Data quality: the perennial problem
The vast majority of today’s businesses have sunk untold millions into their business applications. But getting reliable information from these systems is not always so straightforward.
Take consumer packaged goods giant Unilever, for example: it uses German business applications company SAP’s enterprise resource planning (ERP) software platform across its global business. The complexity of Unilever’s operations has meant that the SAP product needed to be implemented in 112 slightly different ways. Each of those instances makes the consolidation of company-wide data that little bit harder.
As companies standardise and consolidate, they frequently find they have a data quality problem, says Bill Swanton of analyst company AMR Research. “High data quality is necessary to make ERP work and the elimination of redundant data is necessary to capitalise upon the company’s global clout.”
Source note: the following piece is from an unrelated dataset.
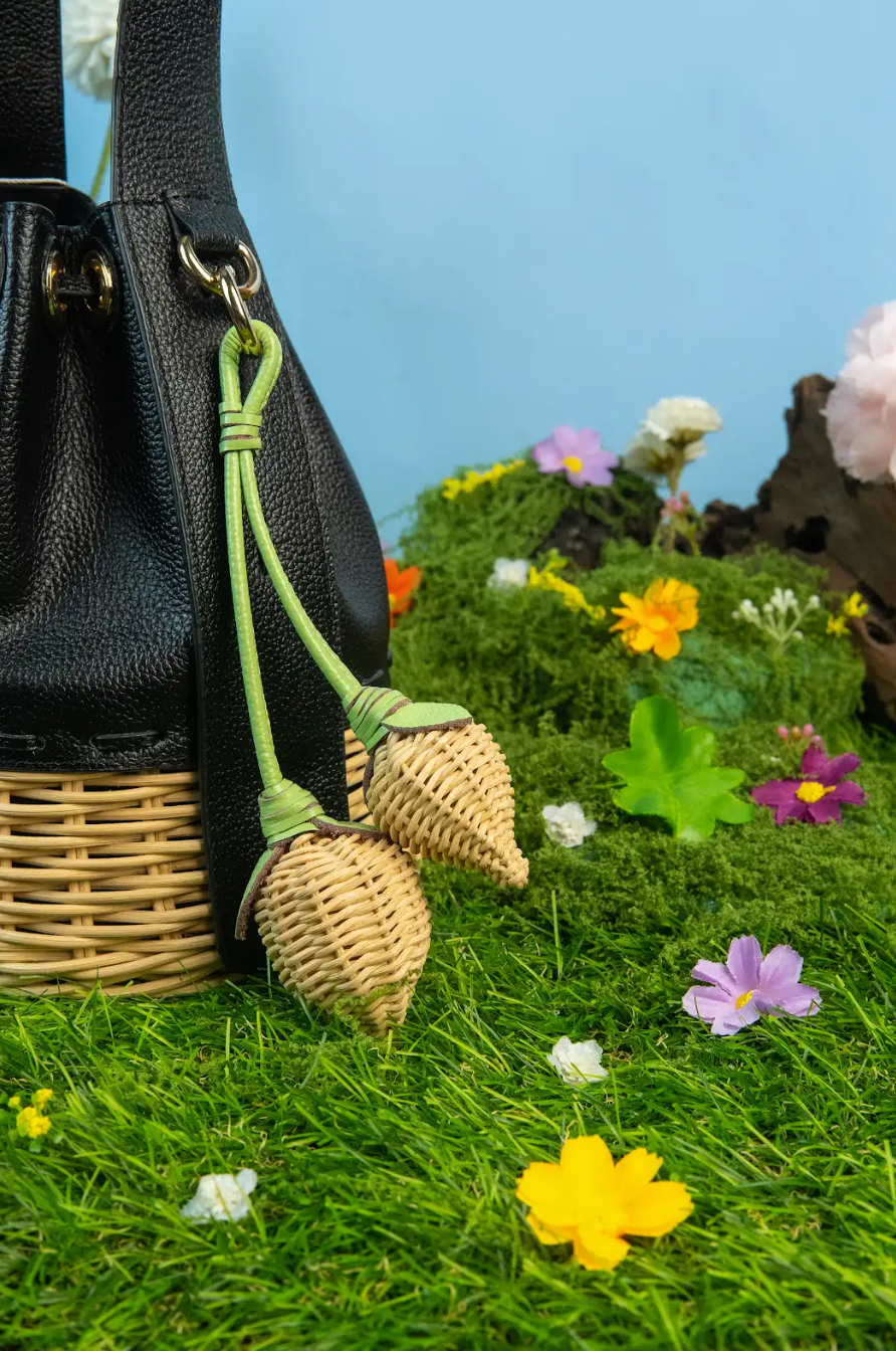 LSS's Rattan Charm Fruit is a testament to our commitment to sustainability and craftsmanship. Made from leftover genuine leather and rattan that is not used in the bag manufacturing process, Rattan Charm Fruit comes in various shapes and is 100% handmade by our local artisans.

But there are two stages to that elimination. First, organisations need to cleanse their existing data or data they are importing; then they need to start defining data from one central point so that its structure is consistent across all related databases.
The value of business information is undermined entirely if the data being analysed is inaccurate, incomplete or inconsistent. The extent of the problem is so severe that industry analyst group Gartner predicts that through 2007, more than half of all data warehouse projects will have limited acceptance, or be outright failures, as a direct result of a lack of attention to data quality issues
Stephen Brobst, chief technology officer at NCR’s Teradata data warehousing unit, says: “In my experience, no matter how bad people say their data is, it’s worse.”
UK-based bank Lloyds TSB calculated that poor data quality was costing the UK bank £200 million ($300 million). As a result, says Amanda Hughes, senior manager of wholesale data management at Lloyds TSB, she was granted the budget she needed to improve matters.
But that is the firefighting. The aim is to keep the data clean, and one key mechanism is master data management (MDM). By defining changes to data in one place and then rippling that through to relevant databases, MDM’s combination of business processes and technology ensures that key data (customers, suppliers, products, employees and so on) is current, consistent and accurate across the enterprise.